The final product is what you interact with when you call an API.

The Inference Engine

When you send a prompt to an LLM, here is what happens:

Tokenization — your text is split into tokens. Not words. Subwords. A tokenizer (usually Byte-Pair Encoding or SentencePiece) breaks text into pieces. "Unbelievable" might become ["Un", "believ", "able"]. Code and tokenization are separate concerns but deeply intertwined — the choice of tokenizer affects how well the model handles different languages, code, and special characters.
Prefill phase — the model processes your entire prompt in one forward pass, building up the key-value cache for each layer. This is the expensive part for long prompts.
Decode phase — the model generates output one token at a time, autoregressively. Each new token is appended to the input, and the model runs again. This is why generation feels slow — it is inherently sequential.
Sampling — the raw probability distribution is adjusted by temperature and top-p/top-k sampling parameters before a token is selected. Temperature 0 means "always pick the most likely token." Higher values add randomness.

This is why context window matters. A model with a 128k token context must maintain key-value caches for all 128,000 positions, which explodes memory usage. This is where techniques like grouped-query attention, sliding window attention, and mixture-of-experts come in — architectural innovations to make long contexts practical.

What Makes Models Different

If they all use transformers, why do models behave so differently?

Training data composition. A model trained heavily on code will be better at coding. A model trained on multilingual data will handle multiple languages. The data diet defines the model.
Data quality and filtering. More is not always better. Llama 3's team devoted enormous effort to data quality, deduplication, and filtering junk from the pre-training corpus.
Architecture tweaks. Mixture of Experts (MoE) activates only a subset of parameters per token, allowing larger models without proportionally larger compute. Some models use different attention variants (GQA, MLA) to reduce memory.
Post-training. Two models with identical pre-training can diverge dramatically based on SFT and RLHF. This is where Anthropic's safety focus, OpenAI's tool-use optimization, and Google's multimodal integration show up.
System prompt.
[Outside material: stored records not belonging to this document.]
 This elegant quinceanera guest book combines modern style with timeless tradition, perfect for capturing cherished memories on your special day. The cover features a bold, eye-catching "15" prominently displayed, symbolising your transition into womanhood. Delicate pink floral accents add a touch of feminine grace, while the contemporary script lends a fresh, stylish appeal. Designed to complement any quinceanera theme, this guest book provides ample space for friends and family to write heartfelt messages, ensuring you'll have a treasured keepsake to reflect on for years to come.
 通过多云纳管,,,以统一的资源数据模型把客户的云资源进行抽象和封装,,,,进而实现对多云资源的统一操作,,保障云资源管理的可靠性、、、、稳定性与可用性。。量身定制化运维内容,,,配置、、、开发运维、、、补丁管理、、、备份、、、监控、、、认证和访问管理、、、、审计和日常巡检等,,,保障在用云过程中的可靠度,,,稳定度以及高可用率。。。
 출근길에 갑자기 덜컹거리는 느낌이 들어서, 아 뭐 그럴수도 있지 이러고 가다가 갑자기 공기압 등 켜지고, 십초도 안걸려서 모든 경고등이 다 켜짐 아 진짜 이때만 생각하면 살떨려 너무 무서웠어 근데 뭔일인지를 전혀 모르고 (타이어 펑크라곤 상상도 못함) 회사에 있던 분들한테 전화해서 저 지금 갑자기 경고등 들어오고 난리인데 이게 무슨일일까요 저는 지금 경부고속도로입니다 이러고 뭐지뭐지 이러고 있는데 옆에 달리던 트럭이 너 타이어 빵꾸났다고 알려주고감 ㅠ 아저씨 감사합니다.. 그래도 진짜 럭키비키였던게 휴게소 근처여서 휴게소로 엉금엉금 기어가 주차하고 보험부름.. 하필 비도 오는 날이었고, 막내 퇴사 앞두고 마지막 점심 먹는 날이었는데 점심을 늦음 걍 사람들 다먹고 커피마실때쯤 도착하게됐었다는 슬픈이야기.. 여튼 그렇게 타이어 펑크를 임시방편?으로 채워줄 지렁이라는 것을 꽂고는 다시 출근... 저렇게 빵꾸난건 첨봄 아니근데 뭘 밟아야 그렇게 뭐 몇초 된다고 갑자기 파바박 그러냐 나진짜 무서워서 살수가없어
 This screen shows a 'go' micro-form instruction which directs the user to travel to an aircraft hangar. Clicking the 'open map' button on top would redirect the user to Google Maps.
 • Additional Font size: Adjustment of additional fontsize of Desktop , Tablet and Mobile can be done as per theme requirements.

The invisible instructions prepended to every conversation shape how the model behaves. It is part of the product, not the architecture, but it is often the biggest differentiator in practice.

Where This Is Going

The trend is toward efficiency. Qwen3 packs strong performance into a smaller parameter count through better training data and distillation. Ollama and llama.cpp make it possible to run quantized models on consumer hardware.

The other trend is specialization. General-purpose models are being complemented by purpose-built models — code generation, document processing, audio understanding. The era of one-model-does-everything gives way to model routing, where different tasks get routed to different models optimized for that task. This is the problem OmniRoute solves in my stack.
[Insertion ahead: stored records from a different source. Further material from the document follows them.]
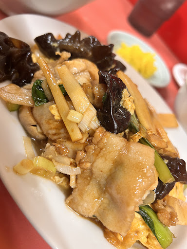 ムーシーロー(木須肉)は絶品♡ 豚肉柔らかい♡ キクラゲが大量で嬉しい♡ 卵はほんのり硬め♡ キノコ、ネギ、タケノコ、青菜(小松菜かな?)、人参とかが入ってて、 めっちゃボリュームあります♡ 味付けはかなり濃いめでご飯どろぼーです♡ ご飯はかなりの量でしたが、 ちょうどよかった♡www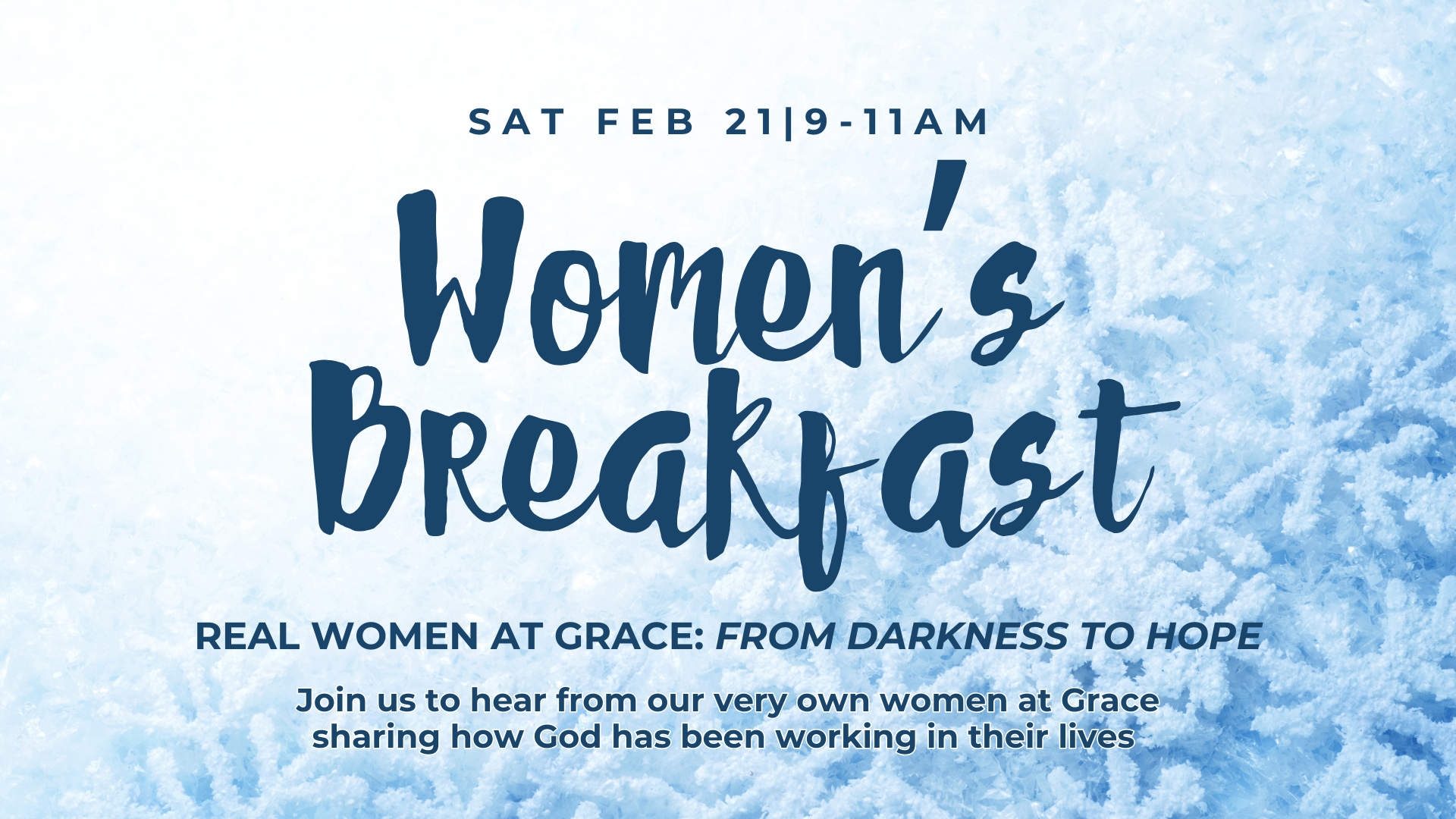 Join us for Real Women at Grace, a women’s breakfast where women from our own church share how God has been at work in their lives. Join us on Saturday, February 21 from 9-11 AM as we explore the theme “From Darkness to Hope”, featuring two Grace speakers. Kelly Wynne will share her journey navigating Lyme disease, and Sian Matwey will tell her story of God’s faithfulness through chronic pain, multiple accidents, and most recently, healing her from paralysis. RSVP below and enjoy a morning of good food, meaningful connection, and encouragement.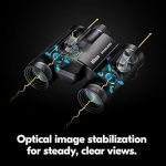 12×25 S Çift Menteşeli Tasarım Çok Katmanlı Lens Kaplamaları, Stabilizasyon Teknolojisi ve Ayarlanabilir Göz Kapağı ile Stabilize Dürbün (Siyah)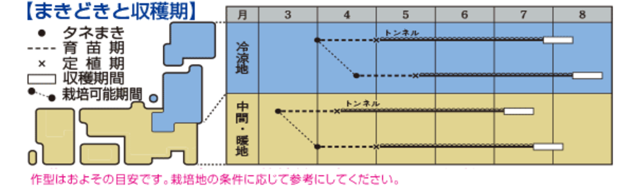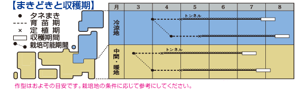 ・放任栽培も可能だが、子づる2~3本仕立てとし、6節以降から連続着果させると果ぞろいがよくなる。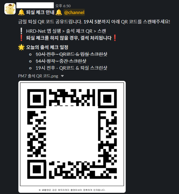 오전 9시 50분, 오후 6시 50분에 입실 / 퇴실 체크 안내를 슬랙으로 해준다.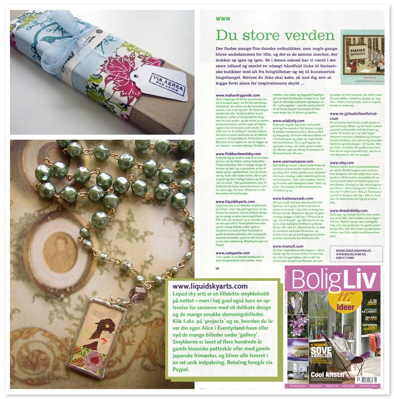 My heart completely skipped a beat this afternoon when I opened up my mailbox to find the issue of BoligLiv Liquid Sky Arts was mentioned in last month. Thanks so much Kirsten for sending it all the way from Denmark!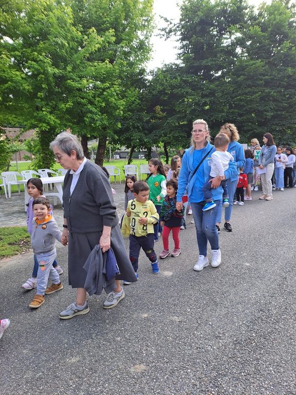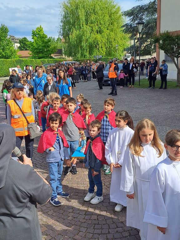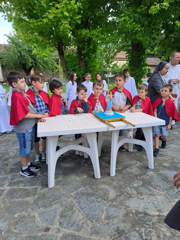 Tradizionale Festa in onore di Maria Ausiliatrice lo scorso Il 24 maggio, che ha avuto luogo nel cortile dell'Istituto "Nostra Signora delle Grazie" di Nizza Monferrato. Alle 16.30, un folto pubblico composto da bambini delle scuole dell'infanzia e primarie, genitori, nonni e autorità cittadine si è radunato per onorare Maria Ausiliatrice.

The architecture is not changing fundamentally. The transformer is still the backbone. But everything around it — training data quality, efficiency techniques, alignment methods, inference optimization — is evolving fast.

The models will get smaller, faster, smarter, and cheaper. The names will keep sounding like car trims. And under the hood, it will still be tokens going in and probabilities coming out.

I run multiple LLMs through OmniRoute on a self-hosted infrastructure. If you are building on top of these models, understanding the architecture helps you choose the right tool and set realistic expectations.